THE ROYAL Regiment of Fusiliers are to be given the Freedom of Warwickshire.
And to mark the honour, agreed by Warwickshire County Council, the historic regiment will take part in a Freedom March in Warwick on Friday June 6.
County council leader Izzi Seccombe said: “Granting the Freedom of Entry is the county council’s message of loyal support to the regiment. We are very proud of the work they do in challenging circumstances.”
Coun Jerry Roodhouse, leader of the Liberal Democrat Group, added: “We are extremely grateful to the fusiliers and this is our way of saying thank you.”
Coun Richard Chattaway, deputy leader of the Labour Group, said: “Not only as a former member of the Armed Forces but also as a county councillor, I am delighted that the regiment has had this honour bestowed upon them.”
Warwickshire will be the second county area to grant the freedom of a county to the Regiment of Fusiliers, following Northumberland in 2010, although the Warwickshire Regiment of Fusiliers was granted the Freedom of Warwick District last year, which saw them parade down Leamington Parade which was lined with thousands of cheering well-wishers.

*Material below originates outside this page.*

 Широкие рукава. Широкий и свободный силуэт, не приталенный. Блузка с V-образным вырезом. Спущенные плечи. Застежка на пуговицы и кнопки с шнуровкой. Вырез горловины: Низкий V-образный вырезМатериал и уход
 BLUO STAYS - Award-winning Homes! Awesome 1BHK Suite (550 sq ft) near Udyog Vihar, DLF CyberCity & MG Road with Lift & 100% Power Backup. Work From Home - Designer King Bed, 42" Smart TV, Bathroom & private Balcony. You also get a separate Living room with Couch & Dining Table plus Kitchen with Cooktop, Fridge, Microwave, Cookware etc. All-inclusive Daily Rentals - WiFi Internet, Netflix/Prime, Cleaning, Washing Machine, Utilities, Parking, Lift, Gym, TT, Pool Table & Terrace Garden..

The county council last welcomed the Fusiliers in November 2009 as the Second Battalion returned from a tour of Afghanistan.

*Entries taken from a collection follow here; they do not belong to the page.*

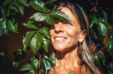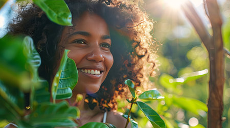A radiant woman smiles brightly among vibrant green leaves, embodying beauty and happiness in a natural setting, inviting warmth and positivity.
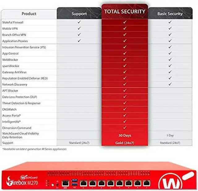 MAIN OVERVIEW FEATURES: Firewall Protection Supported: WebBlocker,Application Control,Intrusion Prevention,Anti-spam,Reputation Enabled Defense,Cyber Assault Protection,Gateway AntivirusTotal Number of Ports: 8USB: YesNumber of Network (RJ-45) Ports: 8Ethernet Technology: Gigabit EthernetNetwork Standard: 1000Base-TManageable: YesLimited Warranty: 1 YearSupport/Service Duration: 3 Year Basic Security Suite
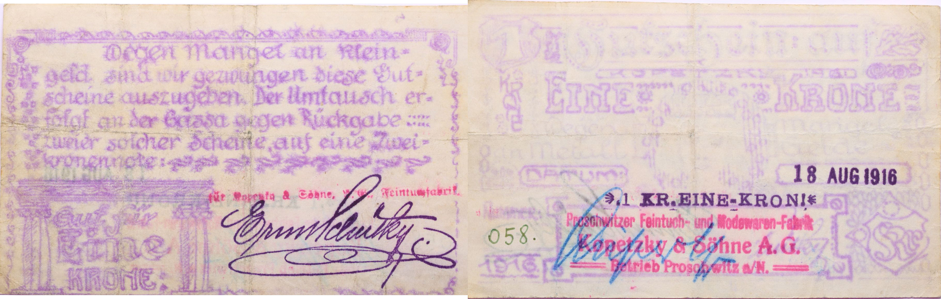 Proseč nad Nisou (Proschwitz a.Neisse) Kopetzky&Söhne.A.G. 1 K.-18.8.1916, č.058, DH.168.1.1
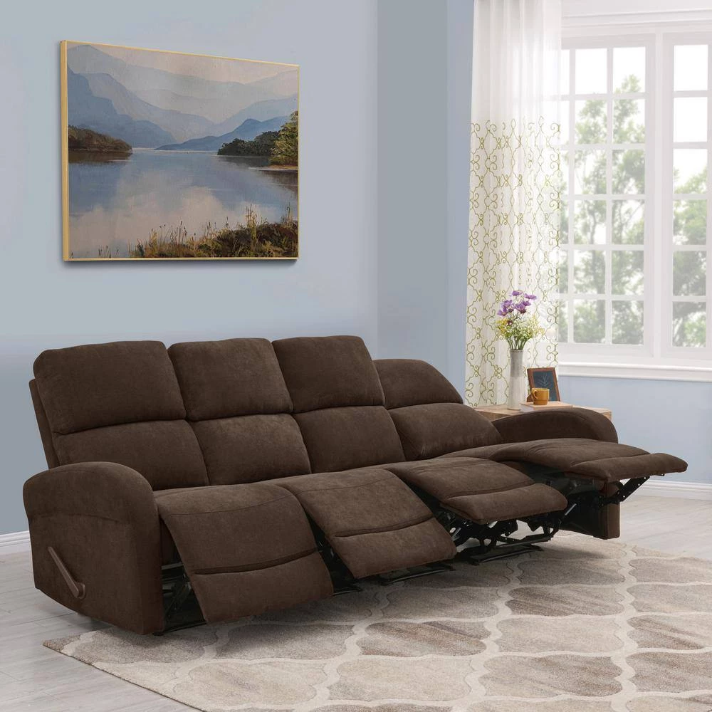 Update your home with this comfortable ProLounger modular sofa. The 4-piece sofa recliner includes a left and right reclining arm seat and 2-armless center reclining seats that secure together through a button and slot connection on the frames so they will not slip apart. The recliner sofa features easy to open and reach handles for reclining on each end and a parachute cord to recline the middle seats. Cushions are filled with high density foam, polyester fiber and sinuous springs. Constructed with a laminated hardwood frame. Steel reclining mechanism. Ships in 4-boxes. Imported, color may vary.
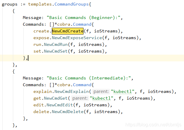 这个方法调用了NewKubectlCommand()方法,在这个方法内,构建了一个kubectl子命令集合(通过cobra脚手架的方式),截取部分如下:
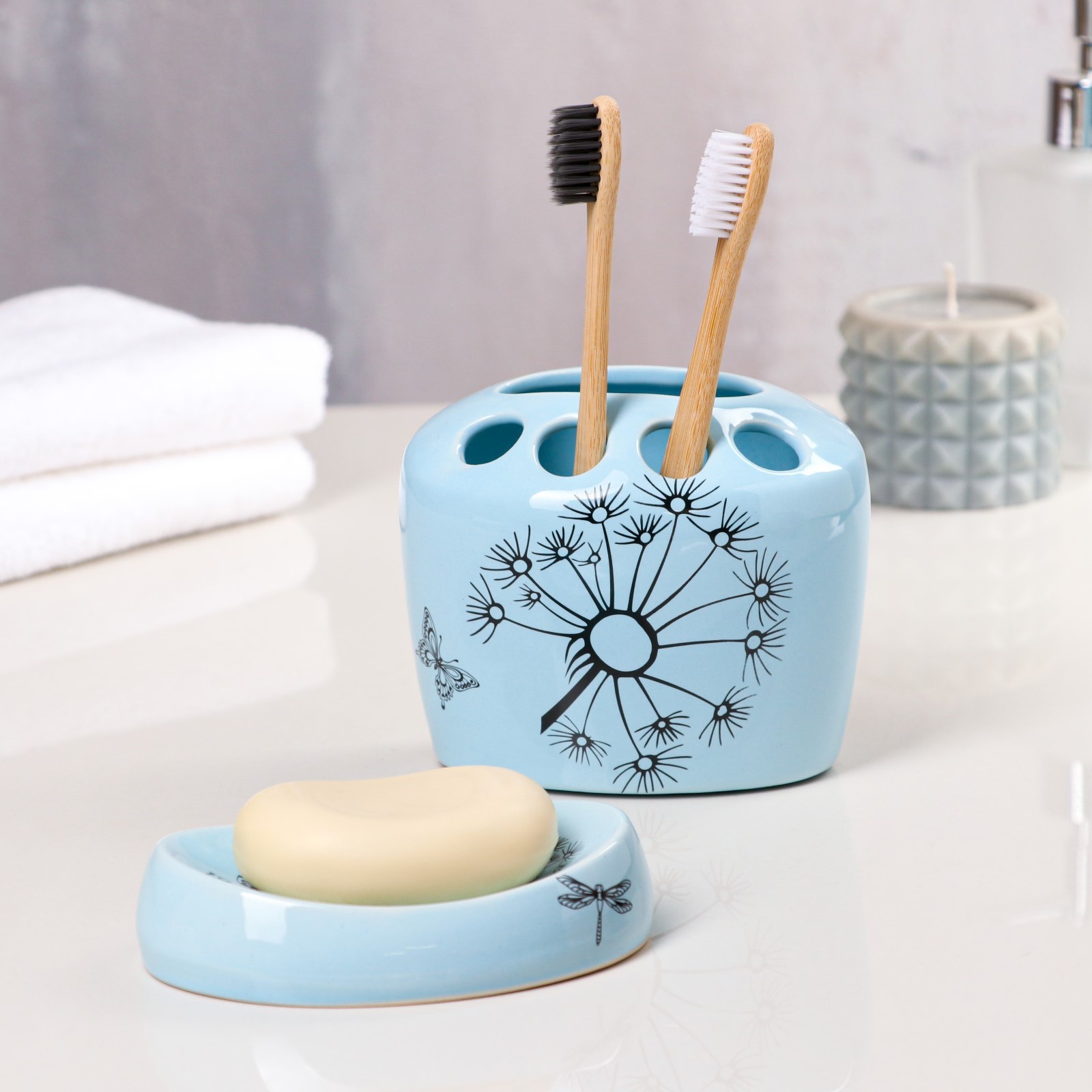Набор аксессуаров д/ванной Одуванчики 2 пр голубой/деколь микс 7447327 в Лесозаводск

The regiment has a long and proud association with Warwickshire, becoming linked to the county in 1792 – although its origins stretch back to 1674 when Prince William of Orange asked for British troops to serve in Holland against the threat of the French.
It became known as the Royal Warwickshire Regiment in 1881, having been given the ‘royal’ title 60 years earlier.

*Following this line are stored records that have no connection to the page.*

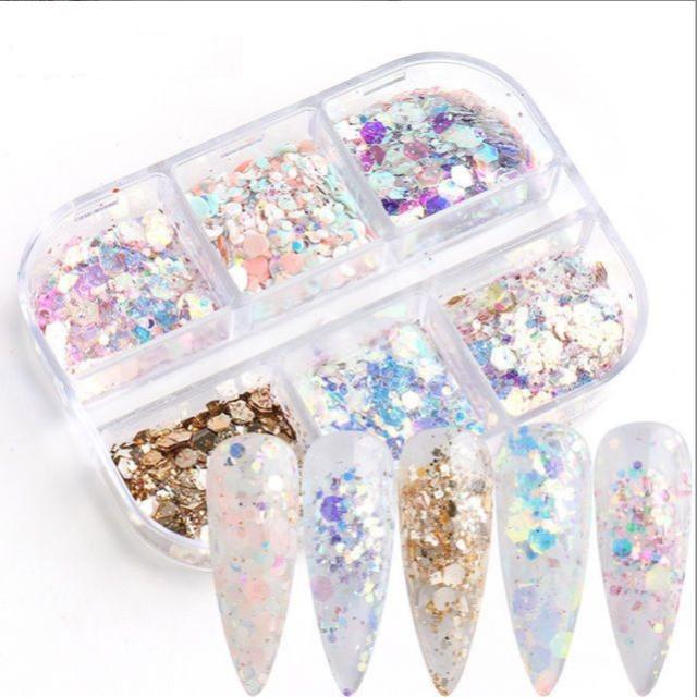 ネイルグリッター ネイルパーツ グリッター キラキラ 6タイプセット ネイル ネイルグッズ マニキュア タトゥ イベント 830703
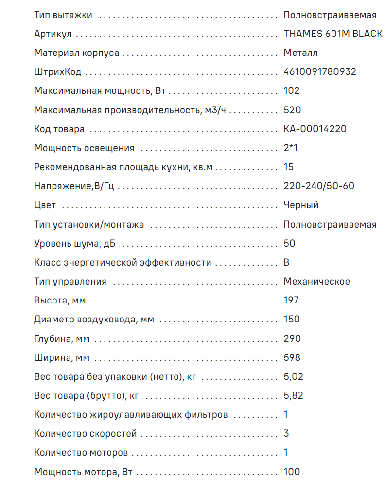 Встраиваемая вытяжка MAUNFELD (Маунфилд) THAMES 601M черный
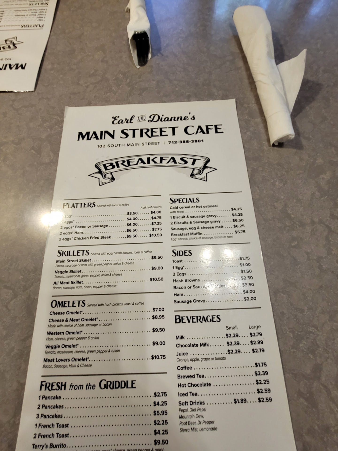 I went here looking for a Mom, and Pop diner experience. Let me tell you how I appreciated it. The service was wonderful for a small town Cafe, and the breakfast was wonderful, I first ordered 2 eggs hashbowns, and toast with a large orange juice. I ended up adding an egg, and buying a big piece of apple pie to go, I added a five dollar tip, and the people were friendly, the whole experience ended up costing me a remarkable price of fourteen dollars and some change, including the tip. I appreciated the good old fashion hospitality of this wonderfully quaint Mainstreet Cafe. Thank you, and I will be back and tell everyone I can. Just moved here, and that was such a great experience, again, thank you. ...
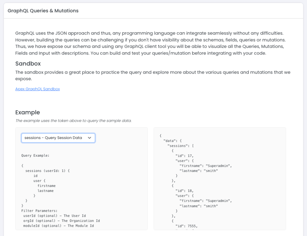 - Allows customers to connect their 3rd party analytics engines to platform data or for integration of LMS
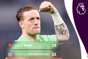 據英超官方統計,本賽季至今,這名埃弗頓門將在聯賽中共11次取得零封,次數與曼城門將多納魯馬相同并列第二,阿森納門將拉亞以15次零封居首。
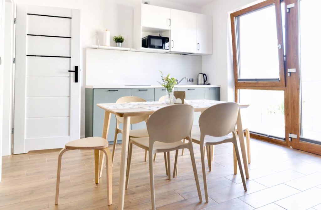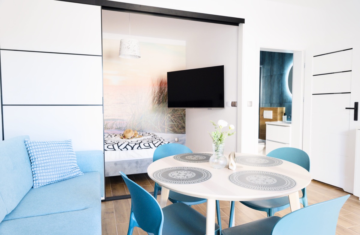 Apartament Deluxe dla 4 gości, z aneksem kuchennym i prywatną łazienką.
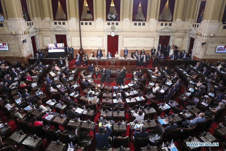 BUENOS AIRES, 1 de marzo, 2021 (Xinhua) -- Imagen proveída por la Agencia de Noticas Telám de la Apertura del 139º Periodo de Sesiones Ordinarias del Congreso, encabezada por el presidente argentino, Alberto Fernández, en Buenos Aires, Argentina, el 1 de marzo de 2021. El presidente de Argentina, Alberto Fernández, instó el lunes a profundizar el multilateralismo y la distribución mundial equitativa de vacunas contra la enfermedad del nuevo coronavirus (COVID-19). En su discurso durante la Apertura del 139 Período de Sesiones Ordinarias del Congreso, el mandatario recordó que en el último año propuso dos veces en sendas "cumbres del Grupo de los 20 un Pacto de Solidaridad Global y un Fondo Humanitario para hacer frente al impacto del coronavirus". (Xinhua/TELAM)
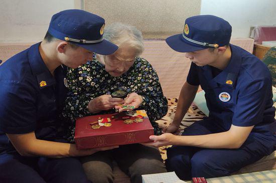 岁岁重阳,今又重阳。10月14日上午,在重阳之际,景区消防大队指战员们带着米、油等慰问品,上门看望抗战老兵赵桂庭,为老人送上节日的祝福,与老人共话峥嵘岁月。
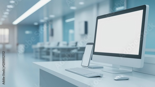 Destkop monitor, white keyboard, mouses and smartphone with blank white screen. Background blurred white desk modern office
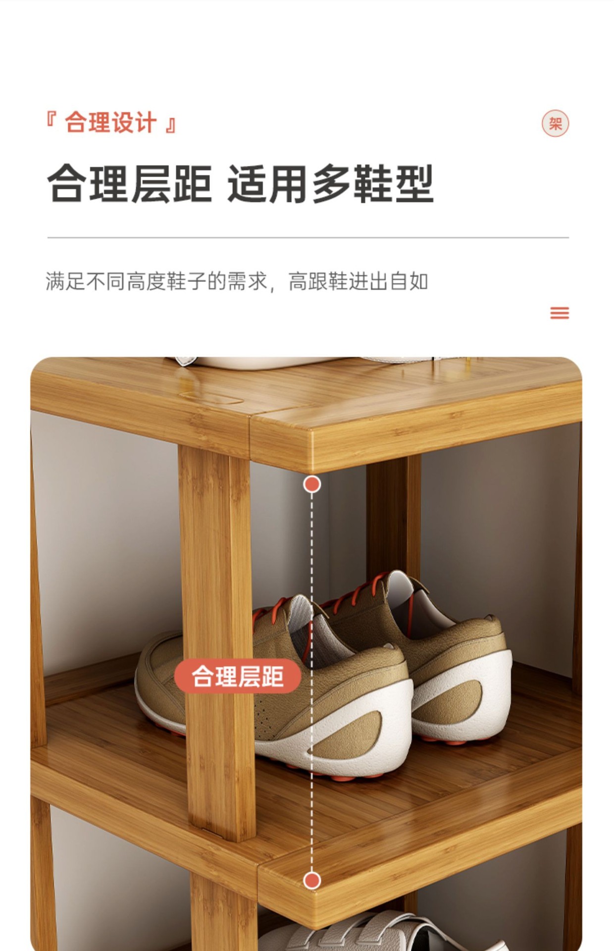Shoe Rack bamboo household small narrow simple shoe cabinet small apartment indoor storage space-saving storage rack at the door of rental house

Restructuring of the British Army over the years saw the Regiment became the Royal Warwickshire Fusiliers in 1963, and then five years later it amalgamated with the three other English fusilier regiments to become the Royal Regiment of Fusiliers.
Over the centuries the regiment has served around the world, from India to South Africa, in just about every conflict Britain has been involved in, including two world wars, and more recently in Iraq and Afghanistan.
Many brave soldiers have served in the Warwickshire ranks, with the regiment’s most famous son being Field Marshal Montgomery.